### WHAT IS NEEDED
When you reach the line that contains "Extensible rectangular table, in", begin copying exactly and continue through the last line below. Do not copy pictures.

(MATERIAL PROVIDED begins)

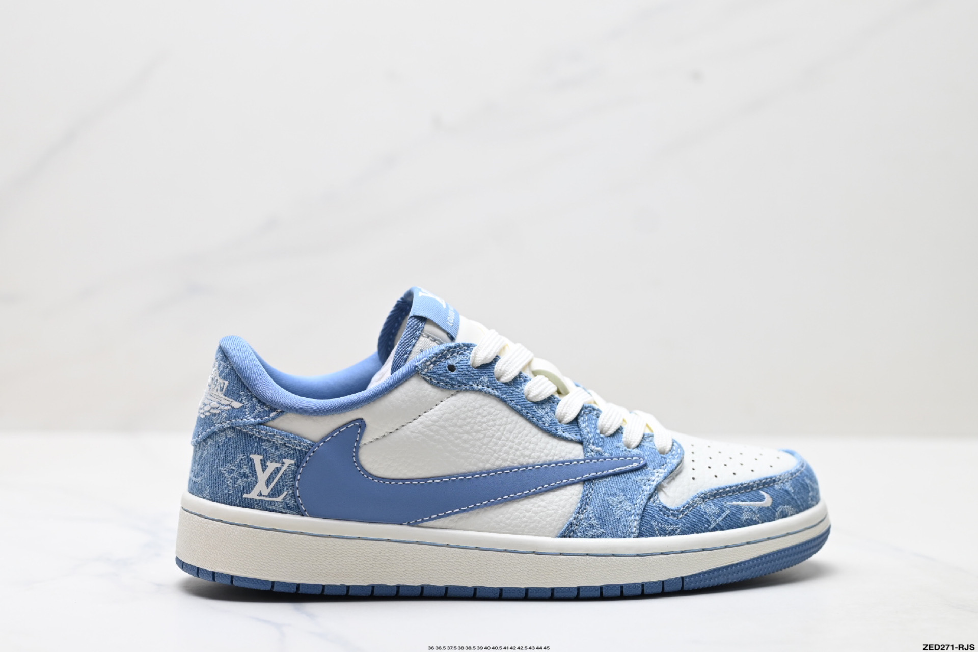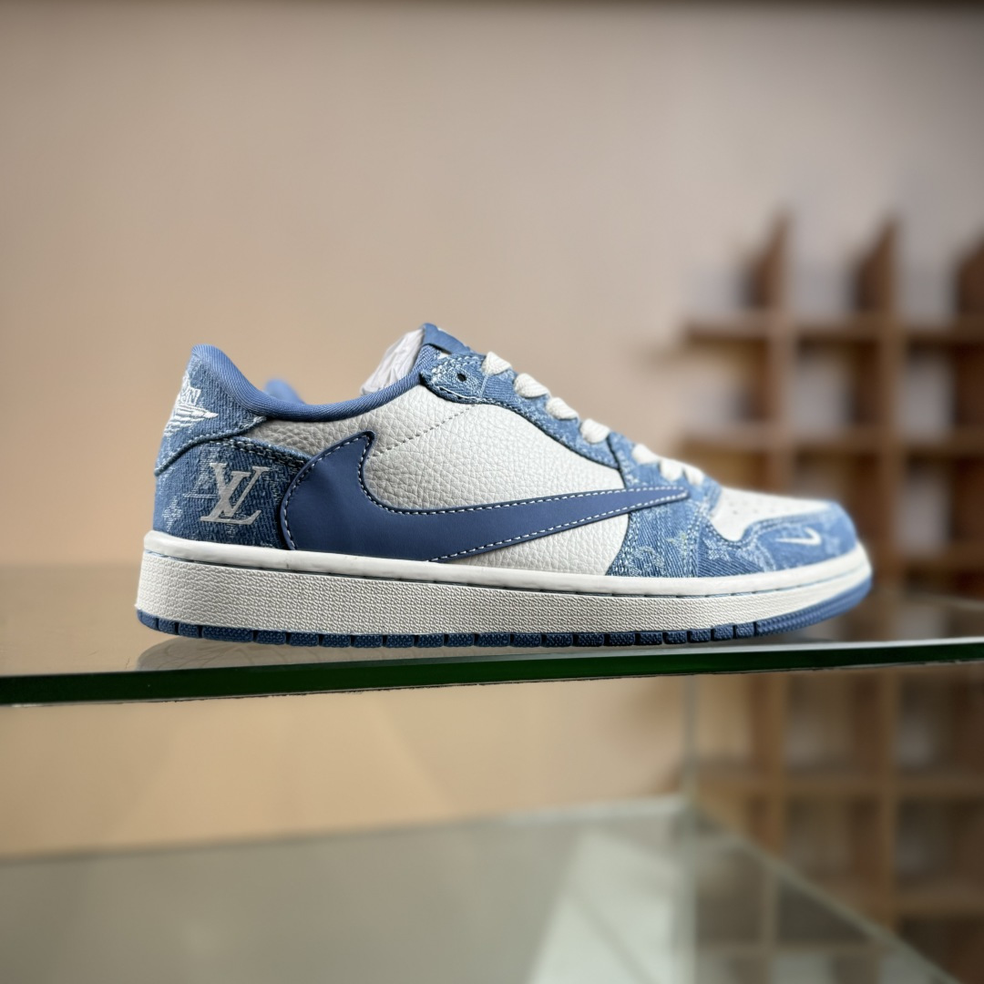 Travis Scott x Fragment Design x Air Jordan 1 Low SP AJ1 乔1 LV联名 白蓝牛仔 低帮文化休闲板鞋 SC0601-053
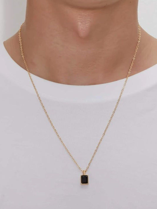 Cadena Elegante con Rupia Geométrica Negra
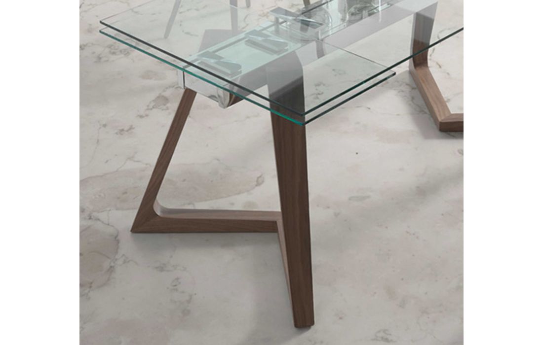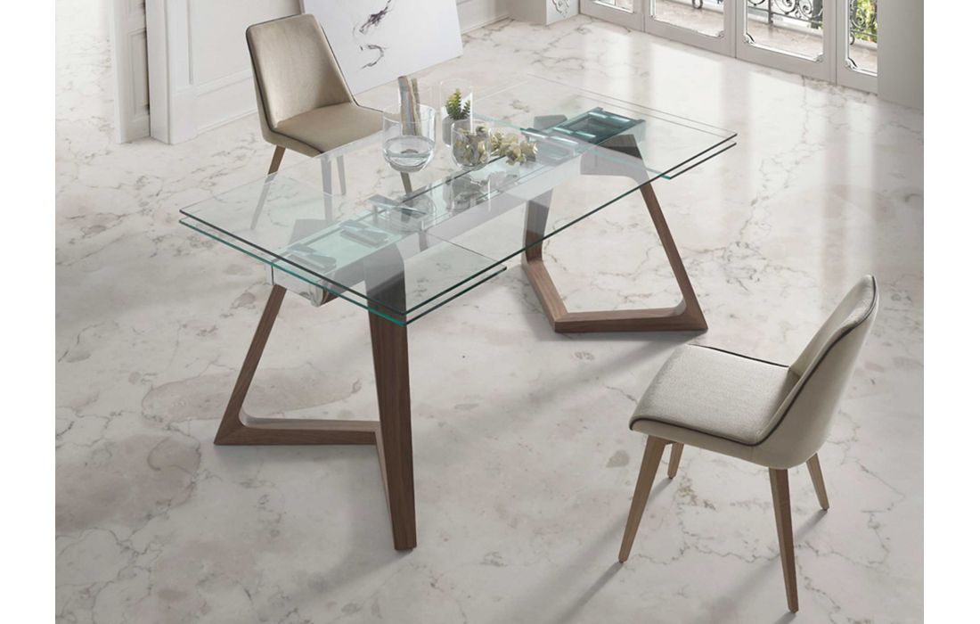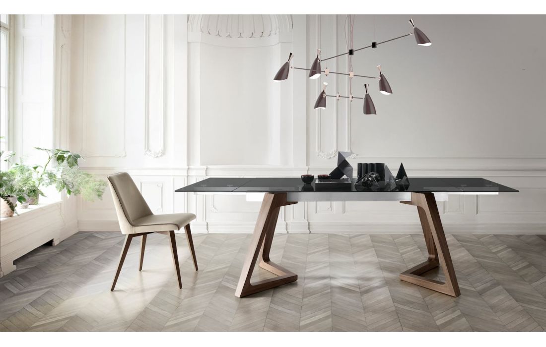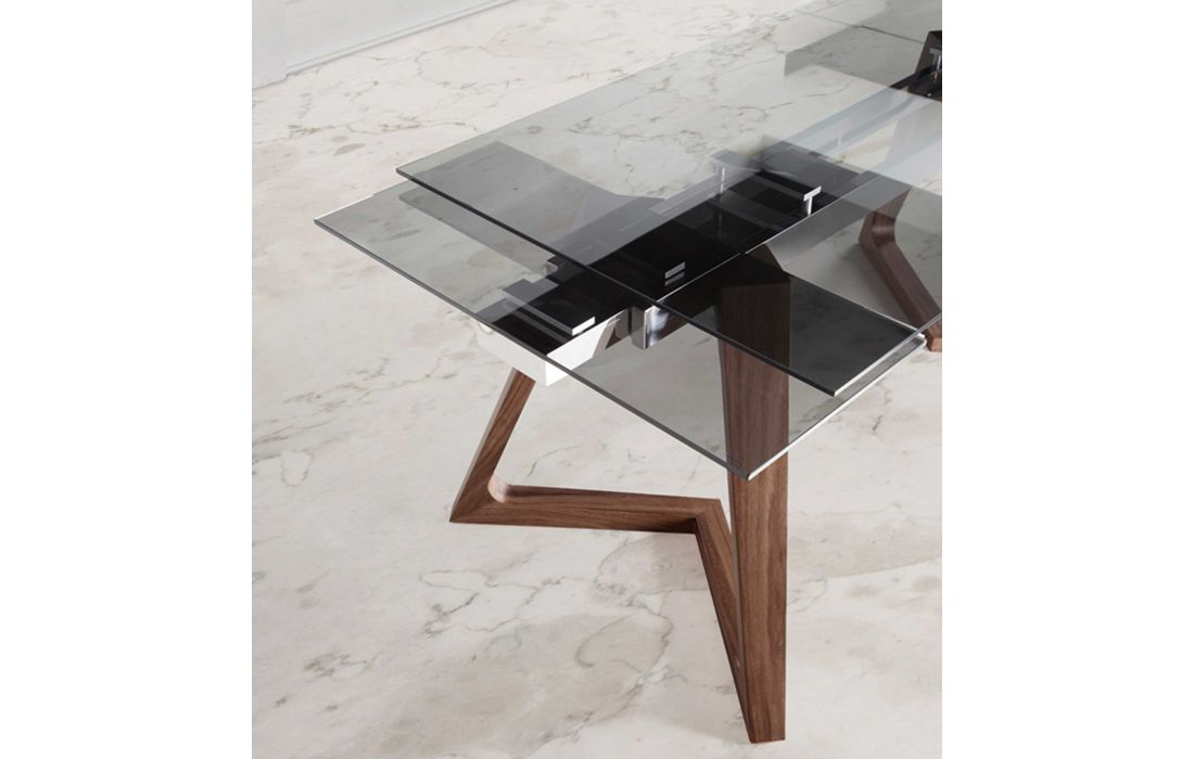 Extensible rectangular table, in 2 sizes, with 12mm transparent or gray glass top and possibility of legs in wood or lacquered finish
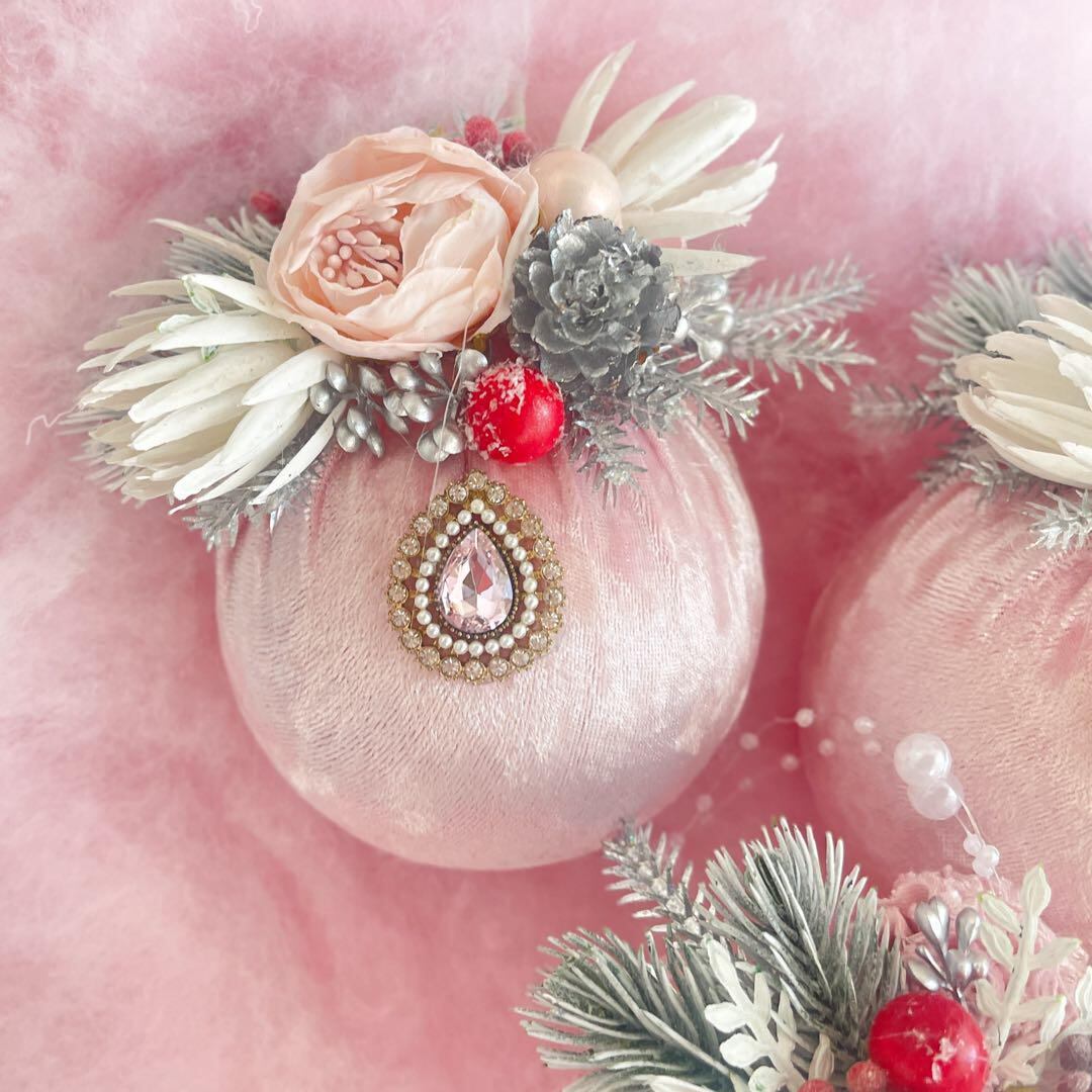 ベルベットピンクの魔法3個セット/ハンドメイド クリスマスオーナメントセット

(MATERIAL PROVIDED ends)

### PROBLEM SOLUTION
 Extensible rectangular table, in 2 sizes, with 12mm transparent or gray glass top and possibility of legs in wood or lacquered finish
 ベルベットピンクの魔法3個セット/ハンドメイド クリスマスオーナメントセット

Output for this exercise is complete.